I eventually figured it out (i think, but didn't test it yet), can anyone guess what i did/broke etc?


----------



## Derrel (May 1, 2012)

Did the thingamajig come loose from the dealy-bob while you were mucking around???


----------



## prodigy2k7 (May 1, 2012)

Derrel said:


> Did the thingamajig come loose from the dealy-bob while you were mucking around???

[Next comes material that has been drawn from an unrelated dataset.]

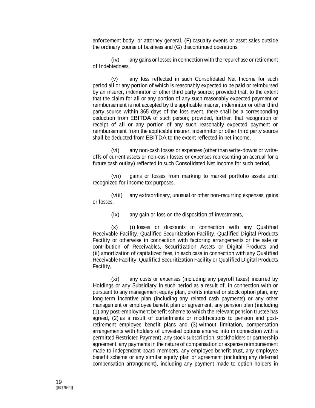 19 [[6727544]] enforcement body, or attorney general, (F) casualty events or asset sales outside the ordinary course of business and (G) discontinued operations, (iv) any gains or losses in connection with the repurchase or retirement of Indebtedness, (v) any loss reflected in such Consolidated Net Income for such period all or any portion of which is reasonably expected to be paid or reimbursed by an insurer, indemnitor or other third party source; provided that, to the extent that the claim for all or any portion of any such reasonably expected payment or reimbursement is not accepted by the applicable insurer, indemnitor or other third party source within 365 days of the loss event, there shall be a corresponding deduction from EBITDA of such person; provided, further, that recognition or receipt of all or any portion of any such reasonably expected payment or reimbursement from the applicable insurer, indemnitor or other third party source shall be deducted from EBITDA to the extent reflected in net income, (vi) any non-cash losses or expenses (other than write-downs or write- offs of current assets or non-cash losses or expenses representing an accrual for a future cash outlay) reflected in such Consolidated Net Income for such period, (vii) gains or losses from marking to market portfolio assets until recognized for income tax purposes, (viii) any extraordinary, unusual or other non-recurring expenses, gains or losses, (ix) any gain or loss on the disposition of investments, (x) (i) losses or discounts in connection with any Qualified Receivable Facility, Qualified Securitization Facility, Qualified Digital Products Facility or otherwise in connection with factoring arrangements or the sale or contribution of Receivables, Securitization Assets or Digital Products and (ii) amortization of capitalized fees, in each case in connection with any Qualified Receivable Facility, Qualified Securitization Facility or Qualified Digital Products Facility, (xi) any costs or expenses (including any payroll taxes) incurred by Holdings or any Subsidiary in such period as a result of, in connection with or pursuant to any management equity plan, profits interest or stock option plan, any long-term incentive plan (including any related cash payments) or any other management or employee benefit plan or agreement, any pension plan (including (1) any post-employment benefit scheme to which the relevant pension trustee has agreed, (2) as a result of curtailments or modifications to pension and post- retirement employee benefit plans and (3) without limitation, compensation arrangements with holders of unvested options entered into in connection with a permitted Restricted Payment), any stock subscription, stockholders or partnership agreement, any payments in the nature of compensation or expense reimbursement made to independent board members, any employee benefit trust, any employee benefit scheme or any similar equity plan or agreement (including any deferred compensation arrangement), including any payment made to option holders in

LOL, actually I think I figured it out right away, from a comment you made about the 7D and the viewfinder system awhile back. HINT HINT


----------



## Derrel (May 1, 2012)

Did you pull the battery and forget to put it back into the camera??? The 7D has the new-fangled transmissive display system, which depends on juice from the battery to make the finder bright. (There are other cameras that need power to bring the viewfinder image up to full brightness as well.)


----------



## prodigy2k7 (May 1, 2012)

Derrel said:


> Did you pull the battery and forget to put it back into the camera??? The 7D has the new-fangled transmissive display system, which depends on juice from the battery to make the finder bright. (There are other cameras that need power to bring the viewfinder image up to full brightness as well.)

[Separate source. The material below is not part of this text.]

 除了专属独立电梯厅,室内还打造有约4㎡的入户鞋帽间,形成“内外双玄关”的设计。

Yes! I was charging the battery at the time. I didn't think about this and it was the first time I've seen the viewfinder this dark. I'd be freaking out right now if I didn't have Derrel or TPF to teach me about that lol.


----------



## Overread (May 1, 2012)

I freaked out about that when I first got my 7D - the viewfinder looked totally wrong without the battery in (whist I was waiting for it to charge). At first I couldn't understand it - was my room really that dark - was the diopter broken in the camera - were my eyes bust! It's a shock the first time indeed.


----------



## Derrel (May 1, 2012)

The same thing happened to me with my old Fuji S2 Pro back in 2003...I was charging the batteries and looked" through the camera and it was like a coal mine in there!!!!! I was like, "WTH???? My camera's busted!@!!@ ACK!!!!"


----------



## Crollo (May 1, 2012)

Haha I got the same reaction from my E10, it actually stops down the aperture to the smallest value until you turn it on so it was very confusing.


----------



## Netskimmer (May 1, 2012)

Had a similar experience with my D7000...

http://www.thephotoforum.com/forum/photography-beginners-forum/245342-my-d7000-came-today-yay-just-one-concern.html


----------